Crash logs may be the most daunting and least user-friendly aspects of OS X. That’s a bit more understandable when you consider that these files were intended to be used by developers as a means of improving their software. You and I might not understand these things very well, but developers do understand and make use of them. Even if they don’t give end users the kind of information needed to fix a problem, we can glean a modicum of information, so let’s take a brief look at the contents. If you subscribe to the MacFixIt site you can find a somewhat more detailed explanation here. If you are not a MacFixIt subscriber, or would simply like a more detailed overview, consult this technical article.

The first few lines of a crash log will contain the date and time of the crash as well as OS version information. This will include the version of an operating system as well as the build number. Build numbers are a bit more specific than OS version numbers. If two users purchased different models of Macs with the same OS version, the build numbers might be different due to differences in the hardware. That section of the report will look something like this.

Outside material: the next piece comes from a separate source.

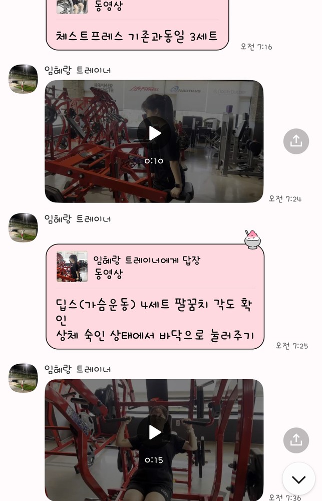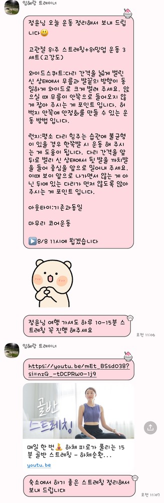 그리고 항상 운동 끝날 때마다 무슨 운동했었는지, 어떻게 했었는지, 조심할 부분 등 상세하게 보내주셔서 개인운동할 때 도움이 크게 되요 ㅎㅎ

Date/Time:   2006-08-26 21:58:27.846 -0500
OS Version:   10.4.7 (Build 8J135)
Report Version: 4

The next segment of the crash report identifies the process that crashed, the parent processes, and the version number. This information may be useful if you are not sure what application led to the crash. This can be misleading at times since the process that crashed can, in fact, have been called by another process. It is not uncommon, for example, for developers to call upon processes written by Apple as part of the OS. Here is an example of that segment of the report. In this case, the my ATI graphics card seems to be one component of the problem.

Command: ATI Monitor
Path: /Applications/Utilities/ATI Utilities/ATI Displays.app/
      Contents/Resources/ATI Monitor.app/Contents/MacOS/ATI Monitor
Parent: WindowServer [225]
Version:??? (???)
PID:  244
Thread: 0

The next piece of information is the type of crash that occurred. These types are usually referred to as exceptions. I doubt this information is of much use to end users troubleshooting a crash. There is even some question about just how useful it is for developers. Apple has identified the four most common types of exceptions (crashes), each of which is summarized briefly below:

KERN_INVALID_ADDRESS

The thread in question is making an attempt to use unmapped memory. This error can be caused either by data or by an instruction.

KERN_PROTECTION_FAILURE

This is always a data-related issue. The questionable process is attempting to write data to an area of memory that has been reserved as read-only.

BAD_INSTRUCTION

There is something wrong with the instruction that a thread is attempting to execute.

ARITHMETIC/EXC_I386_DIV

This is the error that occurs on Intel-based Macs, which occurs when the thread in question attempts to divide an integer by zero.

In my case, the error in question turned out to be KERN_INVALID_ADDRESS (0x0001) at 0xbf7fffe0. The game Second Life was running at the time, and it was checking the log that pointed me to the ATI crash log. The Second Life log indicated a very low frames per second rate immediately before the crash. Since Second Life can be both memory- and graphics-intensive, my initial suspicion was that the game was pushing the memory and graphics limitations of the computer. ATPM publisher Michael Tsai, who has much more application development experience than I do, tells me this error usually means there has been some corruption of an application’s memory. If that’s the case, the culprit is likely an application bug or operating system bug.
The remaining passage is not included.